Мама смеется. Потом ходим по базару, я несу вторую сумку. Обратно возвращаемся на трамвае, я вижу, что мама устала. Знаю, что сейчас примется готовить обед. Мы обедаем, спим, читаем, гуляем. Каждое воскресенье мы идем на прогулку, это, как и в детстве, – счастье. Мы выходим из дому и направляемся к автобусной остановке. Сегодня мы едем в Симеоново – село, расположенное у подножия Витоши. Дорога идет сначала парком, потом коричневым лесом без травы, земля покрыта сухими листьями, в которых шуршат неизвестные мне птицы, выезжаем в поле, и тут перед нами вырастает Витоша. Покрытая лесом конусообразная гора, с отрогами и скалами. Автобус останавливается на маленькой площади в центре села. Белые, очень чистые каменные домики, с чистыми стеклами, с небольшими садиками за заборами. Идем кривыми улочками, улицы пустынны, иногда замечаем любопытный взгляд из окна. Наконец, выходим в поле. И тут наступает счастье. Слева возвышается зеленая Витоша, ее невысокие отроги, внизу справа – София в жарком мареве. Тропинка вьется среди сухой пахучей травы. Папа впереди, мы с мамой сзади. Что нужно человеку? Кому как.

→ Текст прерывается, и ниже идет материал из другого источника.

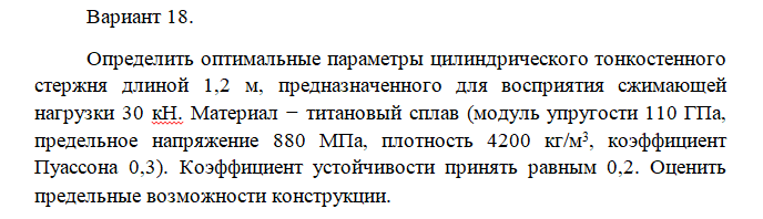 Задача: Определение оптимальных параметров стержня, работающего на сжатие вариант 18
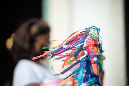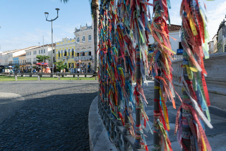 Salvador, Bahia, Brazil - January 15, 2025: View of souvenir ribbons tied to a railing in Pelourinho, the historic center of the city of Salvador, Brazil.

Мне нужно было именно это: единое, объединенное целое, скрепленное любовью, и красота вокруг. Возможно, это и есть рай… Мы огибаем темнеющие склоны Витоши и выходим к «Холодильнику» – так называется трамвайная остановка.

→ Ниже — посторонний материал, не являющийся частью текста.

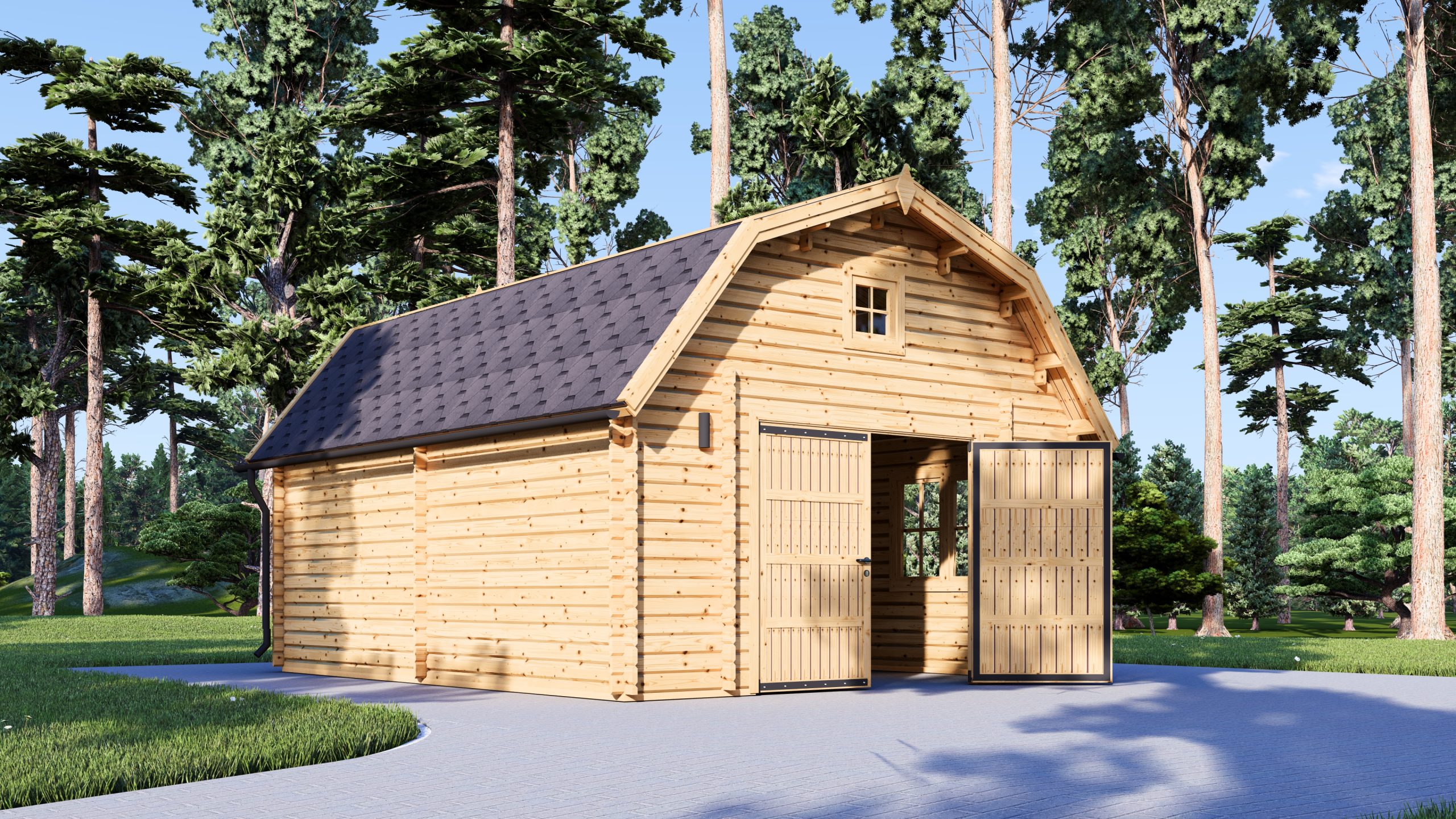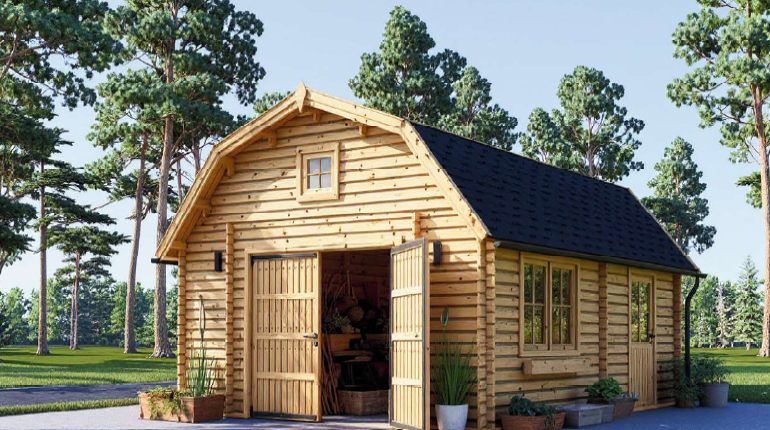 Este celeiro combina a robustez da madeira com um design rústico e acolhedor.

– В следующее воскресенье поднимемся на Алеко, – говорит папа. – Отсюда идет подъемник прямо на Алеко. А там и до Черного верха недалеко.
Алеко. В хижине мы пьем чай из трав. Потом начинаем спуск. Пахнет разогретой хвоей и только что срубленной сосной, лежащей на поляне. На красном стволе – смоляные слезы. Мы вдыхаем аромат смолы и входим в прохладную тень. Мы ищем короткий спуск. Внизу какой-то домик, направляемся туда. При входе на скамейке спит солдат. Папа спрашивает, как пройти, солдат, чуть приоткрыв сонные глаза, что-то бормочет. Глядит на меня. И вдруг папин крик:
– Встать, когда с тобой разговаривают!
Солдат чуть колеблется, потом поднимается. Я на стороне папы – стоит пожилой полковник. Я забываю, что солдат этого не знает. Молодой, в мятой гимнастерке, сонный, он бормочет что-то нечленораздельное…
Спускаемся, дорога вьется, сначала ели, сосны, потом грецкий орех. Папа срывает несколько широколапых листьев, протягивает мне:
– Придешь домой, положи в таз, потом опусти ноги – усталости как не бывало!
Я вдыхаю необычный терпкий запах. Где-то срезаем дорогу, спускаемся по крутой тропинке, наконец, вот и трамвай. Я устала, у меня одна мысль – как дойти до дому…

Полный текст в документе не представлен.